Goodmorning,
I m trying to put data from this site. i m trying to get the Date, Creators, Relevance, Discription, subject, Audience and Access of every search result and put it in my postgres database. The problem is that the Discription is sometimes missing. So sometimes there are 6 record on a result and sometimes 7 records on a result.
So my question is: how can i make a empty result for Discription if it is not there. Any tips how to do it are welcome!
My script so far is this.

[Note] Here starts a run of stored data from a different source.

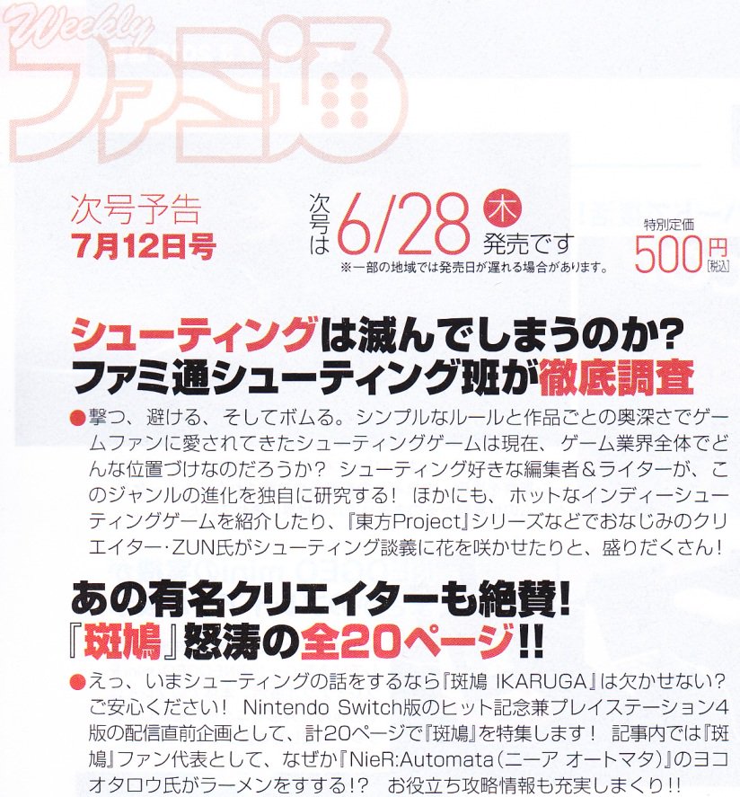 【東方】『ファミ通6/28発売号』でZUN氏のシューティング談義を掲載!
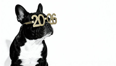 A cute black and white French Bulldog celebrates the upcoming year 2026 wearing festive golden glasses. Isolated on a white background with copy space for text.
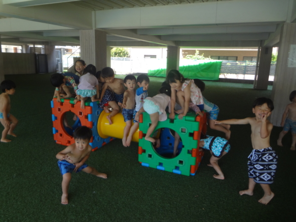 いつもとは違う滑り台や浮き輪があって喜んでいました(#^.^#)
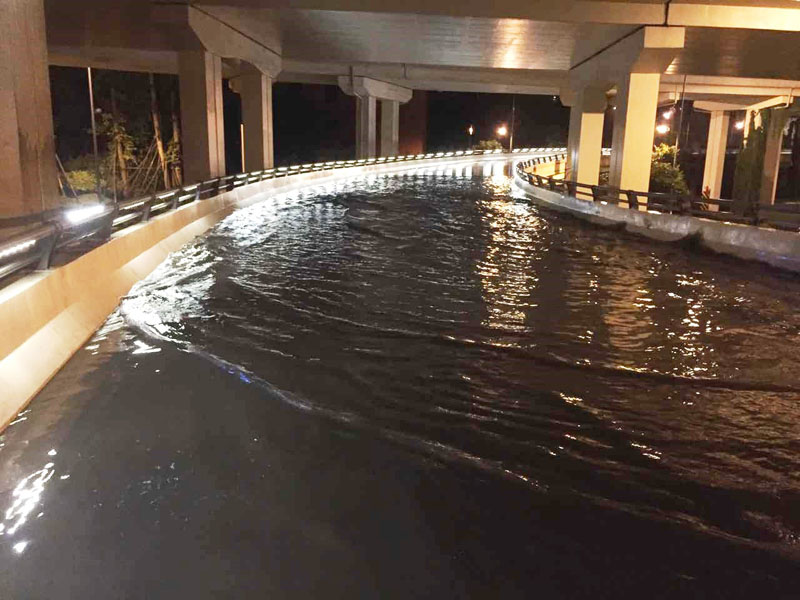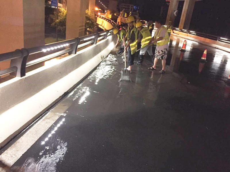 2016年7月11日凌晨2时10分,我市突降暴雨,强降雨过程持续约40分钟,我公司管辖的道路桥梁设施经受了今年入汛以来最大的考验。强降雨开始后,公司维护管理人员立即开展了设施巡查工作,对高架桥、底层立交桥及跨河桥设施状况进行了核查,发现强降雨期间二环路高架桥部分点位出现暂时性的严重积水,尤其是顶升桥段,积水最深处超过10公分。凌晨3时20分,降雨量减小半小时后,高架桥上积水基本排走,仅有局部点位存在少量积水。同时,底层立交桥方面,刃具厂由东至西二层匝道最低点处积水严重,积水深度约20公分。人南立交二环直通道与西北侧匝道相接位置有较大积水面,因匝道较宽,暂不影响车辆通行。公司立即组织人员对积水严重的点位用锥形桶进行了交通疏导,并摆放绕行提示牌,安排专人指挥车辆绕行通过。随后对积水路段进行了除水作业。至凌晨4时30分,二环高架桥、底层立交桥及跨河桥已无明显积水。本次应急处置共出动人员20名,机械设备6台。

It fill the database if there are always 7 records on a result(i tested with three, keep that in mind)
import urllib.parse
import urllib.request
import re
import sys
import psycopg2 as dbapi
url = 'https://easy.dans.knaw.nl/ui/'
values = {'wicket:bookmarkablePage':':nl.knaw.dans.easy.web.search.pages.PublicSearchResultPage',
'q' : 'opgraving'}
data = urllib.parse.urlencode(values)
data = data.encode('utf-8')
headers = {}
headers['User-Agent'] = 'Mozilla/5.0 (X11; Linux i686) AppleWebKit/537.17 (KHTML, like Gecko) Chrome/24.0.1312.27 Safari/537.17'
req = urllib.request.Request(url,data, headers =headers)

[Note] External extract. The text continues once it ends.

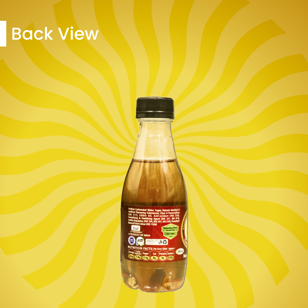Purified Carbonated Water, Sugar, Natural Identical & Artificial Flavouring Substances, Class II Preservatives (INS 211), Edible Oil, Anti-oxidant (INS 320), Emulsifying & Stabilizing Agent (INS 331, INS 414), Acidity Regulator, (INS 296, INS 297, INS 330), Permitted Natural Food Colour (INS 150d)
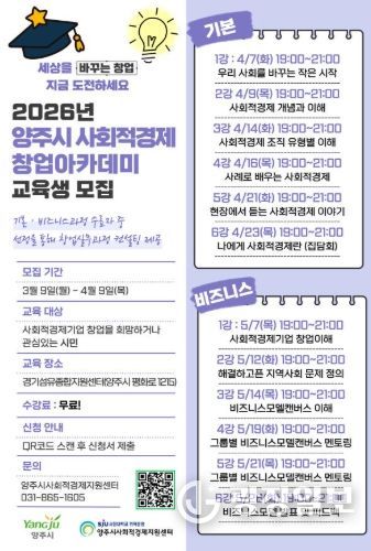 광장일보 주재영 기자 | 양주시와 양주시사회적경제지원센터가 지역 내 사회적경제 인식을 확산하고, 사회적경제 교육을 통한 예비 창업가ㆍ사회적경제 분야 인력양성을 하기 위해 ‘2026년 양주시 사회적경제 창업아카데미 기본ㆍ비즈니스 과정’ 교육생을 오는 4월 9일까지 모집한다.

resp = urllib.request.urlopen(req)
respData = resp.read()
saveRecord= open('C:/Users/berend/Desktop/record.txt','w')
record = re.findall(r'<dd>(.*?)</dd>',str(respData))
for item in record:
saveRecord.write("%s\n" % item)
saveRecord.close()
fin = open("C:/Users/berend/Desktop/record.txt",'r')
fit = open("C:/Users/berend/Desktop/record_schoon.txt",'w')

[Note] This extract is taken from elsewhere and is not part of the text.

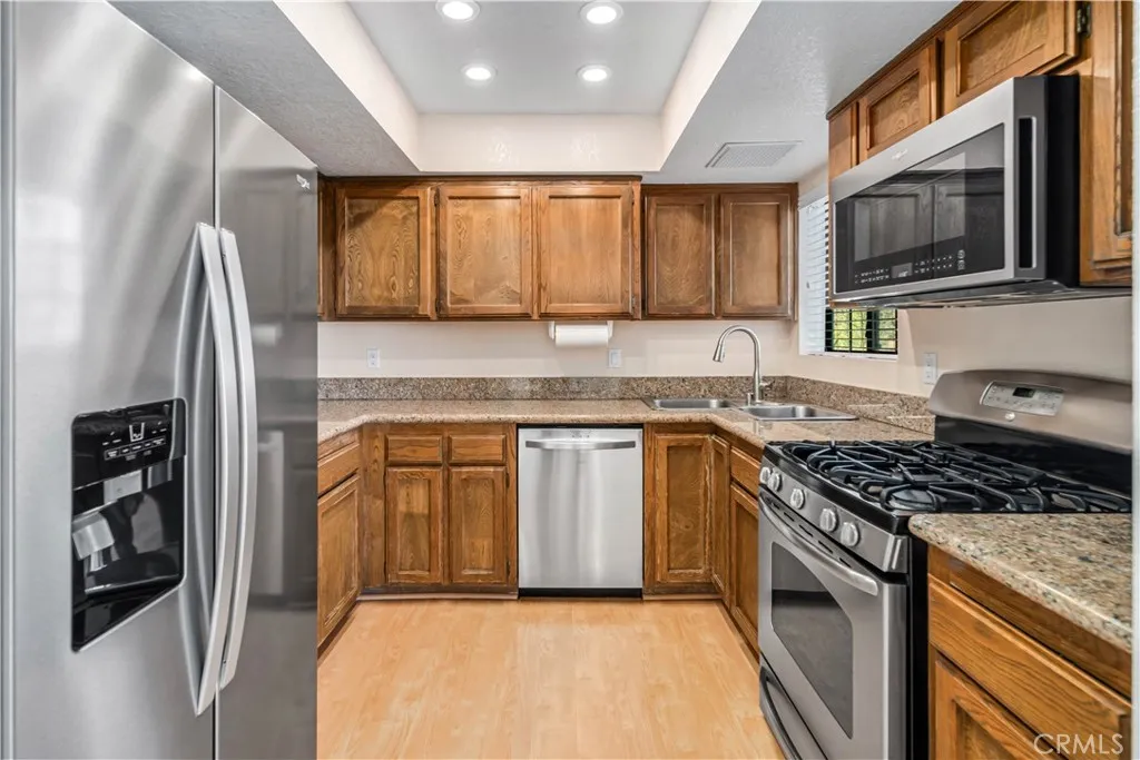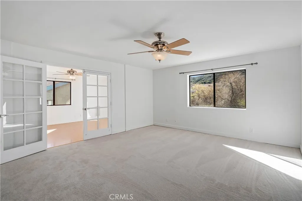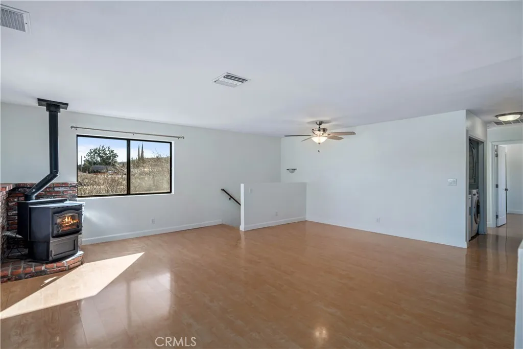 Set in the serene Elizabeth Lake community, this thoughtfully updated two-story home offers 3 bedrooms, 3 bathrooms, 1760 sf of flexible living space, ideal for a variety of living needs. Numerous improvements, including freshly painted interior and exterior, new carpeting, re-sealed windows, tankless high-efficiency water heater, make this home truly move-in ready. The upper level is filled with natural light and features a spacious living room with French doors that open to a balcony showcasing sweeping mountain views. A pellet stove with brick surround, built-in thermostat, and auto ignition provides cozy winter comfort, along w/central air, and evaporative cooling for efficient climate control. Added features include ceiling fans, wood-framed windows, laminate, carpet, and vinyl flooring. The functional kitchen offers granite countertops, stainless steel appliances, (refrigerator, dishwasher, microwave & propane range) and LED lighting. This level also includes one of two primary bedrooms with en-suite bath, a second bedroom and full bathroom, and a convenient laundry nook with washer and dryer included. The lower level functions as a private retreat, featuring the second primary bedroom with full bath, its own family room, multiple storage areas, and sliding doors leading directly to the backyard. This flexible space is ideal for guests, extended family, rental potential, or multigenerational living. Outside, the property features a 2-car attached garage and abundant paved driveway parking, gated RV access & parking, and even wired for an EV charging station (just need

delete_list = ['</em>', '[',']','<em>','</span>', '<span>', '\\n']
for line in fin:
for word in delete_list:
line = line.replace(word, "")
fit.write(line)
fin.close()
fit.close()
open_record= open('C:/Users/berend/Desktop/record_schoon.txt','r')
content = list(open_record)
print(len(content))
open_record.close()
n = 3
for i in range(0, len(content), 3):
q= content[i:i+n]
con = dbapi.connect(database='import', user='postgres', password='xxx')
cur = con.cursor()
cur.execute("INSERT into import VALUES (%s,%s,%s)",q)
con.commit()
The first 3 results:
2000
Groenewoudt, B.J.; Deeben, J.H.C.; Velde, H.M. van der
100% relevant
Na verkennend onderzoek in 1996 en een grootschalige opgraving met uitgebreid bodemkundig
opgraving
Archaeology
Open (registered users)
2001-09
Peters, F.J.C.; Peeters, J.H.M.
100% relevant
opgraving
Archaeology
Open (registered users)
2008
Jacobs, E.; Burnier, C.Y.
100% relevant
OPGRAVING
Archaeology
Open (registered users)